Słownik AI
Kompletny słownik sztucznej inteligencji
Token Limit
Technical constraint specifying the maximum number of tokens that can be included in a model's request or response. This limitation directly impacts the amount of contextual information that can be used in RAG systems.
Context Compression
Semantic reduction technique of context to preserve essential information while respecting token limits. It uses methods like summarization or extraction to optimize available space.
Hierarchical Context
Organizational structure of context into multiple hierarchical levels to optimize space and improve information relevance. It enables efficient management of relationships between different parts of the context.
Context Chunking
Intelligent segmentation of context into coherent blocks to optimize processing and integration of retrieved information. This technique improves relevance and reduces redundancy in RAG systems.
Dynamic Context Window
Adaptive context window whose size adjusts dynamically based on the complexity and relevance of information. This approach optimizes the use of computational resources.
Context Relevance Scoring
Quantitative evaluation mechanism of each context segment's relevance to the user query. This scoring guides the selection and prioritization of information to include in the window.
Context Pruning
Selective elimination process of less relevant contextual information to optimize available space. This technique maintains the most useful data while respecting token constraints.
Context Overflow Handling
Management strategy when context exceeds the window's maximum capacity, including truncation, compression, or reorganization techniques. These mechanisms ensure processing continuity.

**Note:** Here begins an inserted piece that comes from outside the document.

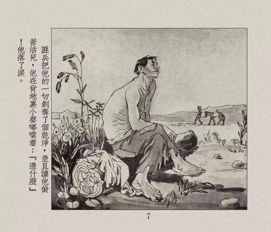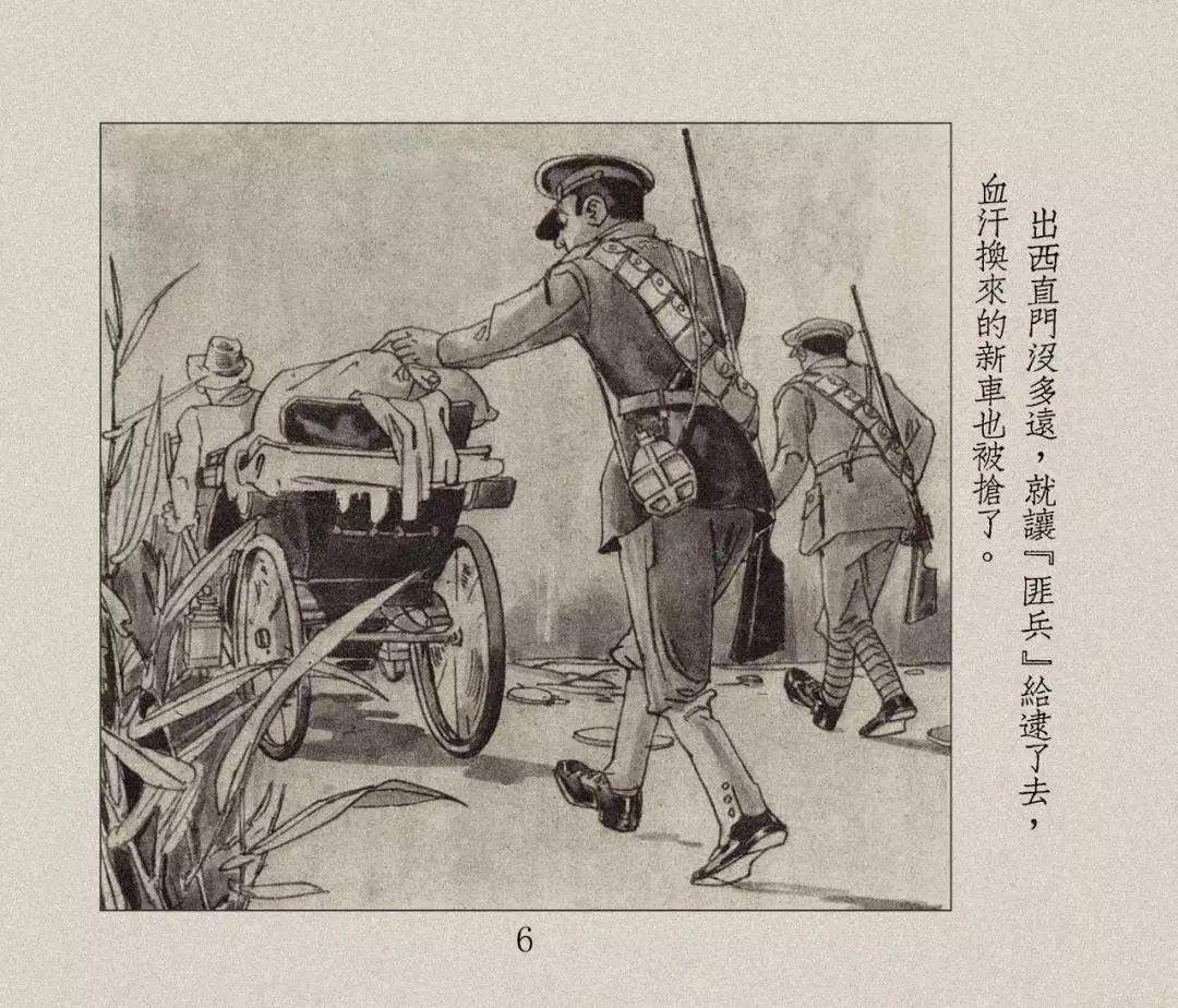 解析:连续的情节,在画面的处理上注意读者的心里。因为后面的情节始终围绕着西山,模式口等地发生,所以仍与前幅人物前行的方向一致,使人觉得离北京城越来越远了。

Multi-turn Context Management
Sophisticated management of context across multiple conversational exchanges to maintain coherence and relevance. It requires continuous optimization of the window to integrate new elements.
Context Embedding
Vector representation of context enabling effective semantic evaluation and optimized integration in RAG systems. This technique facilitates search and contextual similarity.
Semantic Context Retrieval
Context retrieval process based on semantic understanding rather than exact keyword matching. This approach improves the relevance of information integrated into the window.
Context Window Padding
Technique of strategically adding contextual information to optimize the use of available space without exceeding limits. Padding ensures better coherence and contextual continuity.
Context Window Attention
Weighted attention mechanism applied specifically to the context window to identify the most relevant segments. This technique optimizes information selection in RAG systems.
Adaptive Context Sizing
Dynamic adjustment of context window size based on the specific requirements of each query. This customized approach maximizes the efficiency of contextual processing.
Context Caching Strategy
Context caching method to optimize performance and reduce computational load in RAG systems. It allows for quick retrieval of relevant contextual information.
Long Context Transformer
Model architecture optimized for efficient processing of very long contexts exceeding traditional limits. It uses efficient attention mechanisms to handle contextual expansion.
Context Fusion
Process of intelligently integrating multiple contextual sources to create a unified and coherent representation. This technique optimizes the use of space in the context window.
Context Window Optimization
Set of techniques and algorithms aimed at maximizing the efficiency and relevance of information contained in the context window. It combines compression, selection and strategic organization of data.